It’s looking like a positive day to start the week…for now. Futures are still higher but off their highs of the overnight session. It’s going to be an exceptionally quiet week for economic data and earnings. Today’s only reports are Wholesale Inventories, the FHFA House Price Index, and the Dallas Fed, and there is nothing in terms of earnings.
Bulls are hoping that today’s rally in futures marks the arrival of the Santa Claus rally where stocks advance to close out one calendar year and into the start of the next. While the last several days of trading leading into the Christmas holiday were disappointing as the S&P 500 gave up both its 200-day and 50-day moving averages, the market is basically trading right in the middle of the range it has been trading in since mid to late April.
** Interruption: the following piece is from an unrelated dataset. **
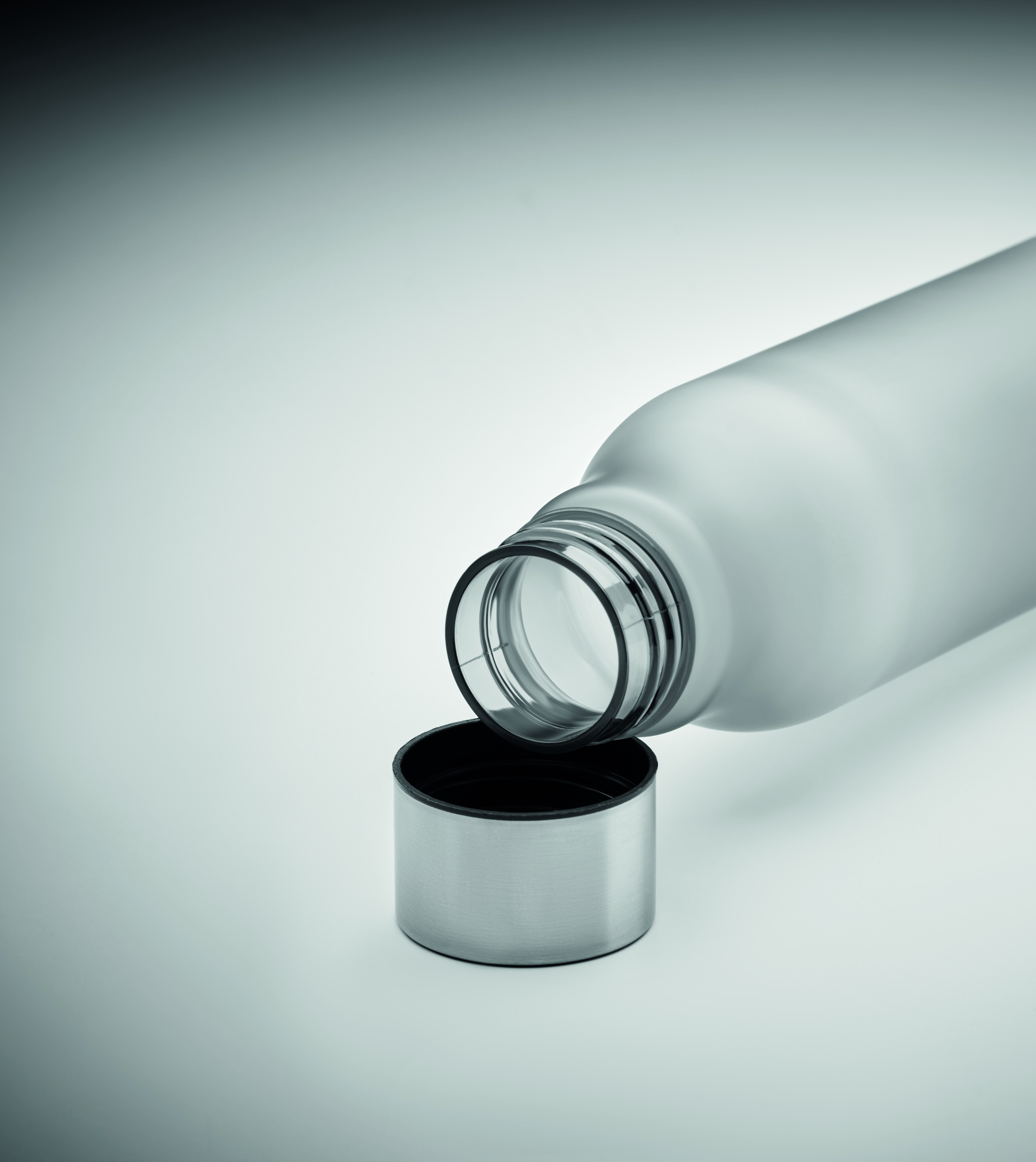 Butelka z RPET z gumowanym wykończeniem, zakrętka ze stali nierdzewnej z silikonowym pierścieniem. Bez BPA. Szczelna. Pojemność: 600 ml. Nie nadaje się do napojów gazowanych.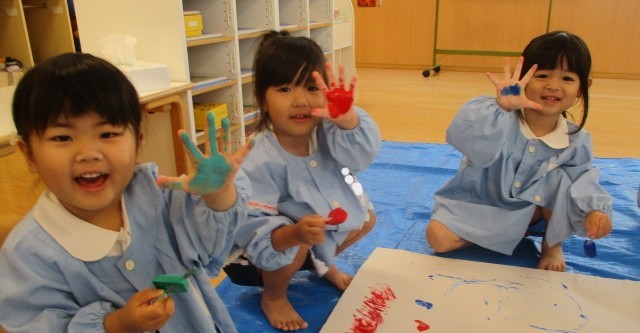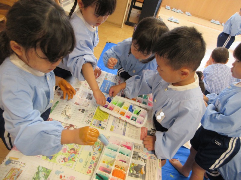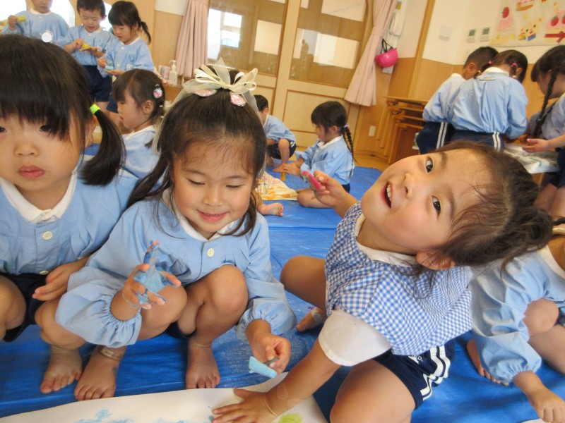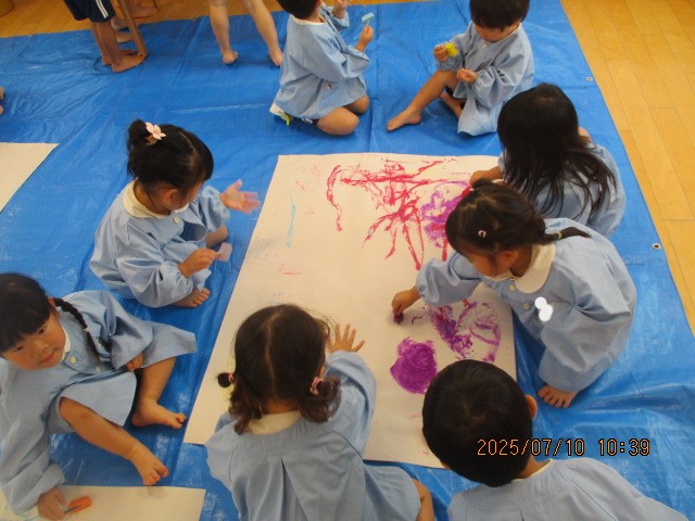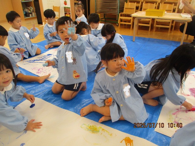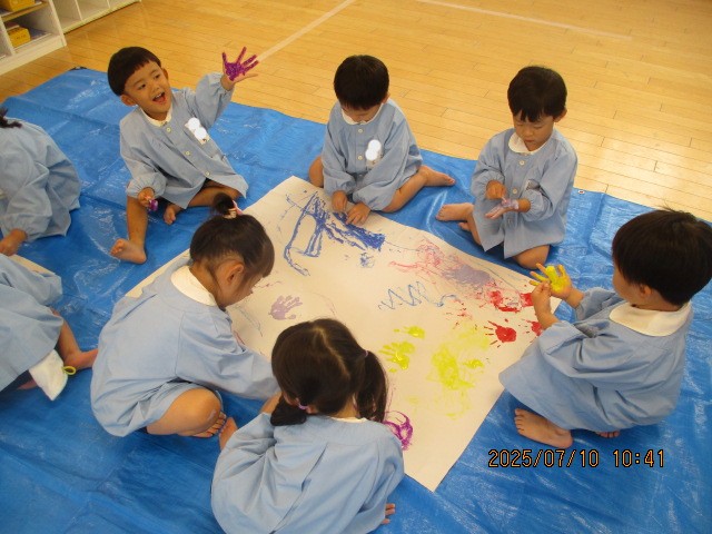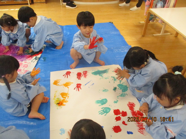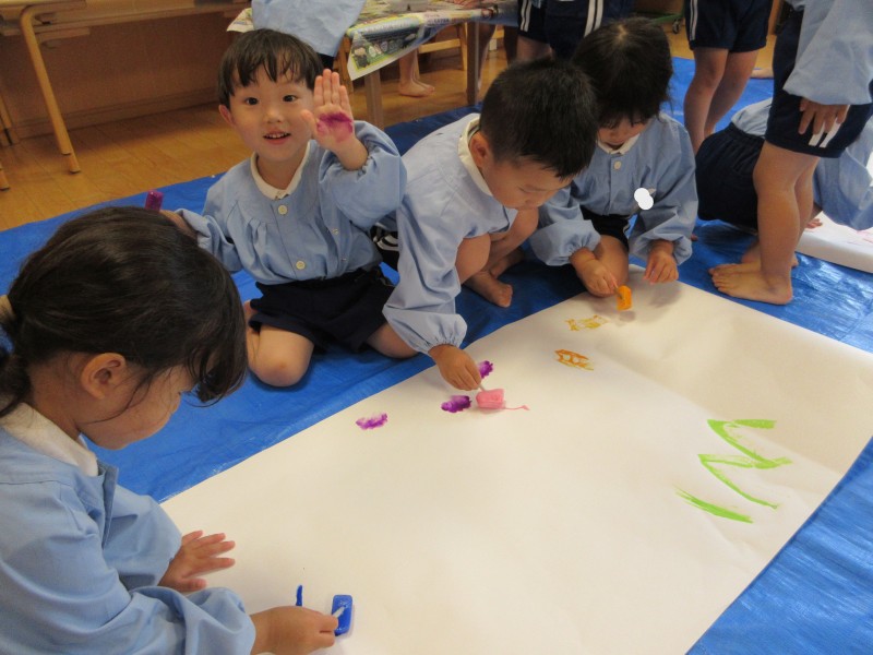 手形スタンプや足形スタンプを模造紙に大胆にぺったーんと押したり、好きな絵を描いて楽しんでいました♪

For the S&P 500 tracking ETF (SPY), the high end of that range is 430 with the low end being around 350. With a mid-point of 390, the S&P 500 is poised to open this morning just below that level at around 385. That’s the good news. The bad news is that when the S&P 500 tried to trade back above its 50-DMA last Wednesday, the rally stalled just shy of that level and that lack of momentum is a clear trait of a weak market.
Unlike SPY which can still be considered ‘rangebound’, the Nasdaq 100’s chart resembles more of a downtrend. While the lows from October are still intact, the index is still just barely 5% above its October intraday low.